I'm trying to graph a scatterplot of a large (5,000 x,y coordinates) of data
with the caveat that many of the data points overlap with each other (share the
same x AND y coordinates).  In using the usual "plot" command,
it seems that the overlap of points is not shown in the graph.  Namely, there
are 5,000 points that should be plotted, as I mentioned above, but because so
many of the points overlap with each other exactly, only about 50-60 points are
actually plotted on the graph.  Thus, there's no indication that Point A shares
its coordinates with 200 other pieces of data and thus is very common while
Point B doesn't share its coordinates with any other pieces of data and thus
isn't common at all.  Is there anyway to indicate the frequency of such points
on such a graph?  Should I be using a different command than "plot"?


Thanks,


Wayne
#
Use 'hexbin' from bioconductor to show how many points are in a grid
on the graph.
On Dec 17, 2007 8:14 PM, Wayne Aldo Gavioli <wgavioli at fas.harvard.edu> wrote:

  
    
#
On 17/12/2007 8:14 PM, Wayne Aldo Gavioli wrote:
The jitter() function can add a bit of noise to your data, so that 
repeated points show up as groupings instead of isolated points.

Duncan Murdoch
#
Wayne Aldo Gavioli <wgavioli at fas.harvard.edu> [Tue, Dec 18, 2007 at 02:14:23AM CET]:
?sunflowerplot
#
Wayne,

I am fond of the bagplot (think 2D box plot) to replace scatter plots
for large N. See
http://www.wiwi.uni-bielefeld.de/~wolf/software/aplpack/ and aplpack
in CRAN.
#
Wayne Aldo Gavioli wrote:
Hi Wayne,
While this is not a really pretty picture, you can get a viewable plot 
with count.overplot if the first two elements of "education" are named 
"x" and "y" and they are the coordinates you want to plot.
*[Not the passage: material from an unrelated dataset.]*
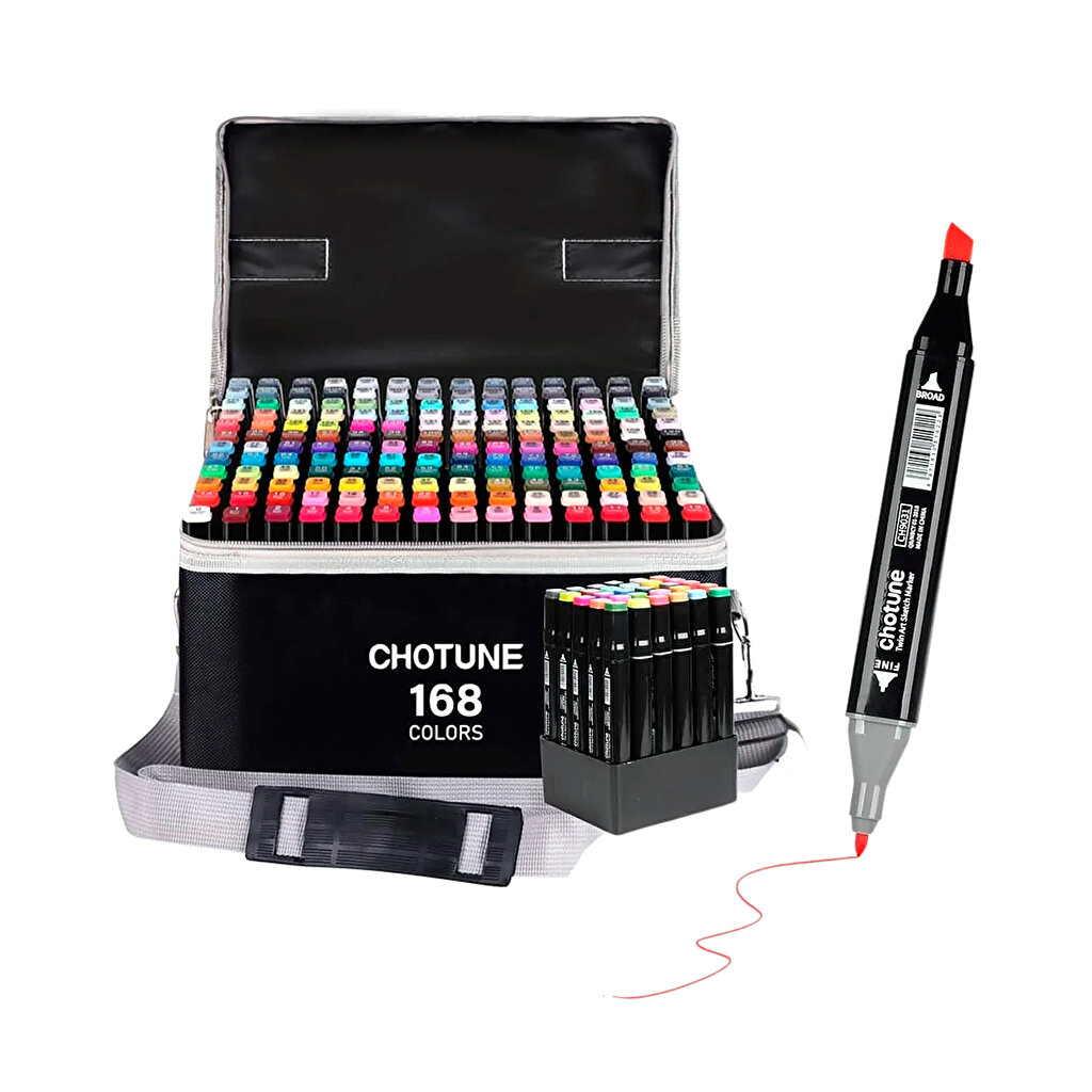 Chotune Alcohol Markers 168-set are alcohol-based artist pens that have dual tips: a chisel tip for broad lines and large areas, and a finer tip for details and contours. The ink is quick-drying, smudge-free, acid-free, non-toxic and safe for children. The pens come in a wide range of colors for all creative needs and are easy to mix and tint to create new shades and effects. The color-coded caps prevent the tips from drying out and make it easy to find the right color. A carrying case and base are included for easy storage and transport.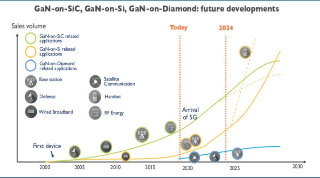 GaN-on-SiC和GaN-on-Si应用的发展趋势(来源:YOLE)

Otherwise, 
pass the x and y coordinates separately.

library(plotrix)
count.overplot(education,
  tol=c(diff(range(education$x))/10,
  diff(range(education$y))/10))

Jim
#
Wayne Aldo Gavioli <wgavioli <at> fas.harvard.edu> writes:
One suggestion seems to be still missing: 'sunflowerplot' of base R. May look
taggy, though, if you have 200 "petals". 
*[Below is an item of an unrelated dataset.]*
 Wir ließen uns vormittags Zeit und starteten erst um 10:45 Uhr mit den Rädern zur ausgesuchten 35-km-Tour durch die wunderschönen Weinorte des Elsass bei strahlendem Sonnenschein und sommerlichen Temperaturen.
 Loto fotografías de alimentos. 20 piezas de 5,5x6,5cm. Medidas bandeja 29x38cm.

Actually the documentation of sunflowerplot is wrong in botanical sense.
Sunflowers have composite flowers in capitula, and the things called 'petals' in
documentation are ligulate, sterile ray-florets (each with vestigial petals
which are not easily visible in sunflower, but in some other species you may see
three (occasionally two) teeth). 

cheers, jari oksanen
#
Jari Oksanen wrote:
Could you please put together a patch that replaces "petals" with 
"ligulate, sterile ray-florets" in appropriate places?

;-)

Duncan Murdoch
#
On 12/17/07, Jim Porzak <jporzak at gmail.com> wrote:
The big drawback of the bagplot, like the boxplot, is that it's
difficult to see multimodality.

Hadley